David Heinemeier Hansson

December 19, 2023

The Big Cloud Exit FAQ

Just over a year ago, we announced our intention to leave the cloud. We then shared our complete $3.2 million cloud budget for 2022, and the fact that we were going to build our own tooling rather than pay for overpriced enterprise service contracts. The mission was set!

A month later, we placed an order for $600,000 worth of Dell servers to carry our exit, and did the math to conservatively estimate $7 million in savings over the next five years. We also detailed the larger values, beyond just cost, that was driving our cloud exit. Things like independence and loyalty to the original ethos of the internet.

Still in February, we announced the new tool I had bootstrapped in a few weeks to take us out of the cloud – without giving up on all the innovation in containers and operating principles from the cloud. This was the introduction of Kamal.

Shortly thereafter, all the hardware we needed for our cloud exit arrived on pallets in our two geographically-dispersed data centers. All 4,000 vCPUs, 7,680GB of RAM, and 384TB of NVMe storage of it!

And then, in June, it was done. We had left the cloud.

To say this journey was controversial is putting it mildly. Millions of people read the updates on LinkedIn, X, and by following this very mailing list. I got thousands of comments asking for clarification, providing feedback, and expressing incredulity over our nerve to zig when others were still busy catching up to the zag.

But the proof was in the pudding. Not only did we complete our cloud exit quickly, customers scarcely noticed anything, and soon the savings started to mount. Already in September, we’d secured a million dollars in savings on the cloud bill. And as the reserved instances (where you prepay for a whole year in advance to get better pricing) started to expire, the bill just kept collapsing:

cloud-spend-2022.png


Which brings us till today. The cloud exit is done, but the questions keep coming. Oh do they keep coming. So rather than answer the same points over and over (and OVER!), I thought I’d compile a good old fashioned list of Frequently Asked Questions (FAQ). Here goes:

Won’t your hardware savings be swallowed by bigger team payroll?
No, because we didn’t change the team composition after our cloud exit. The same people who were operating HEY and Basecamp and the other apps in the cloud are now operating them on our own hardware.

This is the central deceit of the cloud marketing, that it’s all going to be so much easier that you hardly need anyone to operate it. I’ve never seen it. Not at 37signals, not from anyone else running large internet applications. The cloud has some advantages, but it’s typically not in a reduced operations headcount.

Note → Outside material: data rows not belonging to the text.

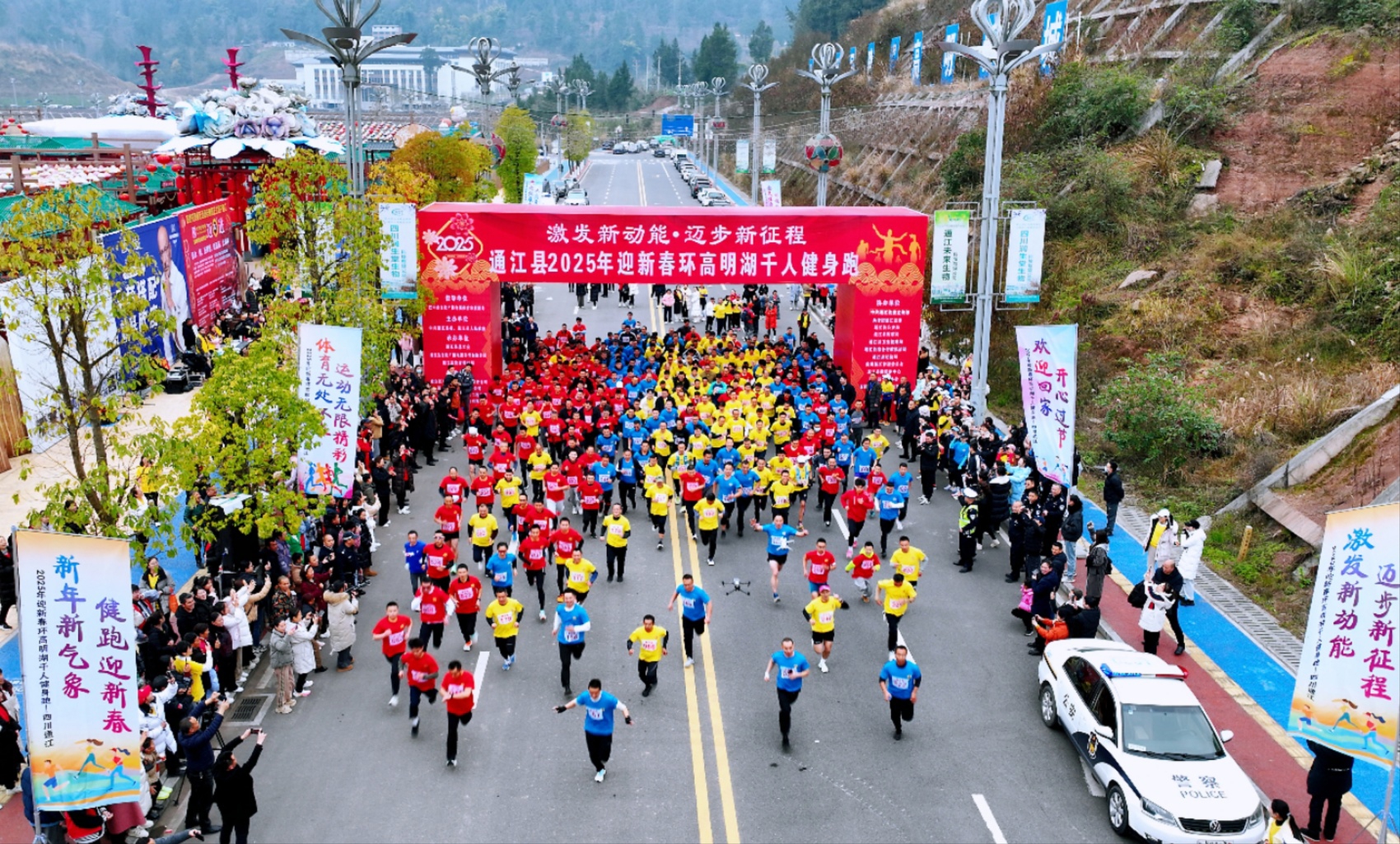 1月17日,在巴中市通江县高明湖畔,上千名市民身着运动套装,蓄势待发,准备开跑。当天,“激发新动能·迈步新征程”通江县2025年迎新春环高明湖千人健身跑活动正式举行。
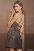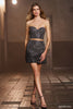 Two piece hot fix cocktail dress with strapless corset bodice.
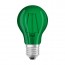 Farvet grøn pære, der passer i alm. E27 fatning. Er f.eks. god til lyskæder og anden dekorativ belysning.

Why didn’t you just optimize your cloud bill instead?
Our cloud bill used to be twice as large as the highly optimized, monthly scrutinized, heavily haggled bill we detailed in the $3.2 million for 2022. We had squeezed just about every drop from that lemon, and it was a ton of recurring work to do.

That’s part of why I’m so bullish on the concept of cloud exits for mid-sized and above software companies. It’s extremely easy to spend 2-3-4x the amount we were blowing every month on a business with the same number of customers as we have. Which means even higher potential for savings for most.

But what if you had written a Cloud Native application instead?
Cloud Native, as in opposition to “lift’n’shift”, is often touted as The Real Way to take advantage of the cloud, but that’s again just more cloud marketing nonsense. It generally centers around the erroneous belief that serverless functions, and associated on-demand tooling, is going to make things cheaper. But if you need a pound of sugar, you’re not going to save any money buying single-wrapped cubes. I wrote about that in more detail in Don’t be fooled by serverless and Even Amazon can’t make sense of serverless of microservices.

What about security? Aren’t you worried about getting hacked?
The majority of security problems you face by operating software on the internet comes from the application and its direct dependencies. The work that needs to happen to properly secure your custom-built application is not any materially different whether you own the computers it runs on or rent them from a cloud provider.

If anything, operating services in the cloud can give people a false sense of security. Thinking that it’s not something they have to worry about, when it absolutely is.

The big advantage of modern containerized application delivery, though, is that you’re no longer spending much time patching machines manually. Most of it is packaged up in the Dockerfiles, and deploying a new version of the application that runs on a more recent update of Ubuntu or whatever is the same whether you’re renting machines in the cloud or running your own.

Don’t you need a world-class team of super engineers to do this?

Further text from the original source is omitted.